В свою компанию Никита ее не приглашал. Интереса к «мушкетерам» Таня брату не показывала никогда, но тянулась всей душой в их благородный круг. Однако братец был ревнив, и Таня понимала, что ее туда он не допустит.
Павел же всегда был особенный. Наслышанная о нем еще в школе, она в его присутствии приосанивалась, повышала голос, чтобы заметил. Потом, из-за Генерала, и думать забыла. И вот надо же, встретились...
Очень хорошо, что рядом с ними тогда оказался Ванечка, собрат-филолог. Таня была, пожалуй, единственной из признанных факультетских красавиц, которая не только не убегала, завидев Ларина, но и вполне дружески с ним общалась. Объяснение тому было простое: любовью к ней Ванечка переболел еще в школе и теперь держался с ней настолько спокойно, будто она в его глазах утратила не только красоту, но и половые признаки вообще. Для него она была «сестренка настоящая», поскольку всегда одалживала на бутылочку-Другую, а долга никогда не спрашивала.
Как-то раз, уже изрядно под газом, он выцыганил у нее целый червонец и в приливе чувств назвал ее «братком». Таня притворно нахмурилась и отвела руку с червонцем в сторону.
– Да ты, Ларин, уже назюзюканный сверх меры. Какая я тебе «браток»?!
– Настоящий! Сестренка-то, даже самая клевая, больше трехи не даст.
Таня рассмеялась и подарила Ванечке второй червонец, призовой.
И вот теперь это чудо в перьях женится, а Павел специально заехал за ним на факультет, чтобы отовариться к свадьбе в обкомовском распределителе и отвезти продукты на черновскую дачу, где, собственно, и будет гулянка. Не ее, конечно, дело, но лично она таким, как этот Ванечка, вообще запретила бы жениться. Ох, и нахлебается с ним его будущая жена, как ее... Татьяна. Тезка.

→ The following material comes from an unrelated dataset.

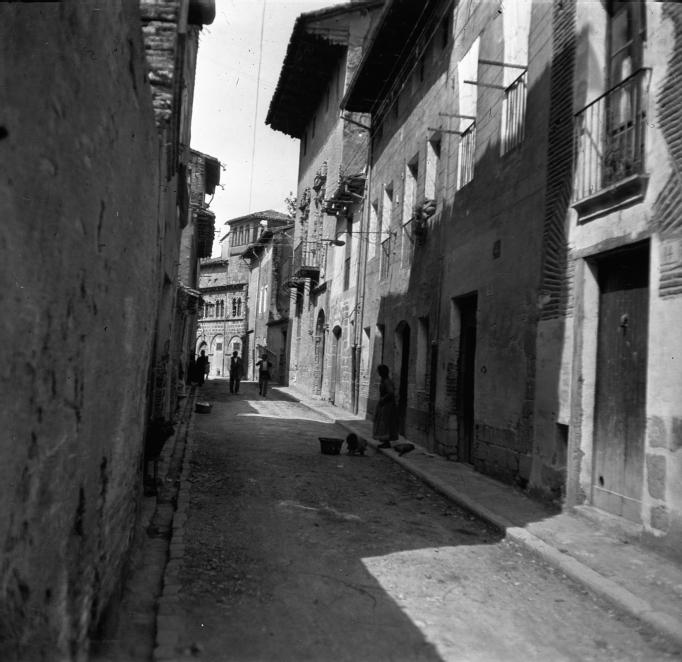 Vista de la calle de la Rúa de la ciudad de Estella, Navarra, tomada desde el este en actual número 13. En segundo plano, en la derecha, el palacio renacentista de San Cristóbal o casa de Fray Diego. Al fondo, el palacio románico de los reyes, hoy museo de Gustavo de Maeztu.

Иное дело Павел... Хоть времени у нее было впритирку, неожиданно для самой себя предложила подбросить их до распределителя, а потом и до Финляндского. Хотелось еще хоть полчасика побыть с ним рядом... Теперь она с ним на равных. Не сомневалась, что сейчас-то уж он ее заметил. Волнение накатило легко и приятно. «Чистый он, как прозрачный» , – подумала Таня. Захотелось умыться самой, . вывернуть себя наизнанку, ополоснуть в прохладных струях дождя и ни о чем не помнить, не думать. Все забыть. Что было и что будет. Сейчас, через час, к вечерочку, поздней ночкой...
Поставив машину в гараж, Таня побежала в подвал под циркулярный душ. В шкафчике, где она держала шапочку и полотенце, ее ждала записка. «22.30. № З». Таня прочла, вздохнула и встала под душ. Сегодня Папику хочется любви...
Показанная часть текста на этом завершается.